*Information*.
*** Block opens ***

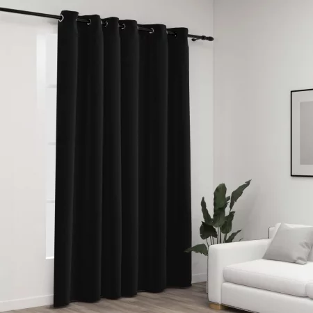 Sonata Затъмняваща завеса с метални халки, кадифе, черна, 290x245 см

*** Block closes ***
*** Block opens ***

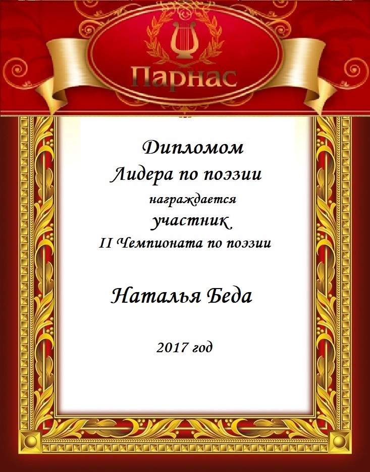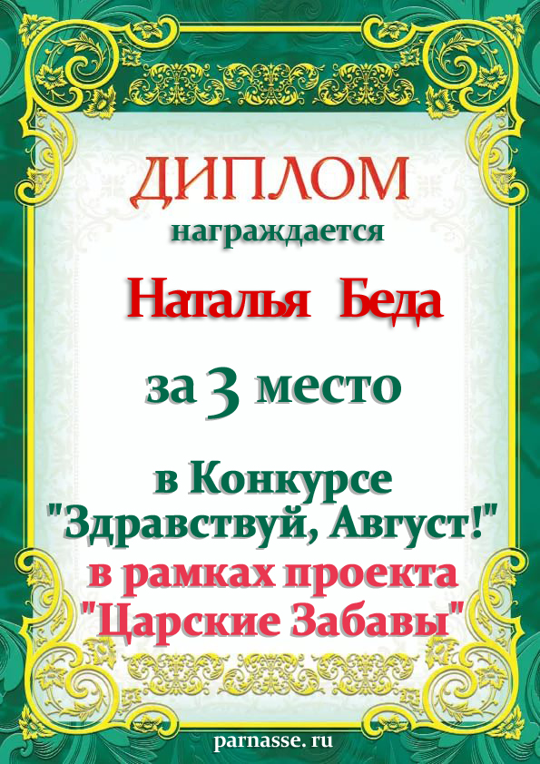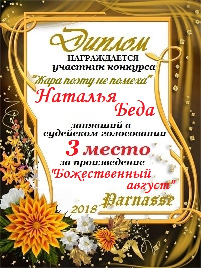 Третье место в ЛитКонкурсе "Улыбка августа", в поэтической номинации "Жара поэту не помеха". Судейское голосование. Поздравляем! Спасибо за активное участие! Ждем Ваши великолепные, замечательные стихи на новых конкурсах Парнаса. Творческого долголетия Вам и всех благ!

*** Block closes ***
*** Block opens ***

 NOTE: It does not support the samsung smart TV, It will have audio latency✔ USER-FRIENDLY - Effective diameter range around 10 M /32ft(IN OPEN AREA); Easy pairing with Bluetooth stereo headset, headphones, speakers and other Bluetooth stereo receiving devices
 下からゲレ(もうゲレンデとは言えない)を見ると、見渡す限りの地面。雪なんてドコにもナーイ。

*** Block closes ***

*Exercise prompt*.
Look above for the line that contains "NOTE: It does". Starting there, transcribe every line exactly until you have copied the line that contains "下からゲレ(もうゲレンデとは".

*Solution below*.
 NOTE: It does not support the samsung smart TV, It will have audio latency✔ USER-FRIENDLY - Effective diameter range around 10 M /32ft(IN OPEN AREA); Easy pairing with Bluetooth stereo headset, headphones, speakers and other Bluetooth stereo receiving devices
 下からゲレ(もうゲレンデとは言えない)を見ると、見渡す限りの地面。雪なんてドコにもナーイ。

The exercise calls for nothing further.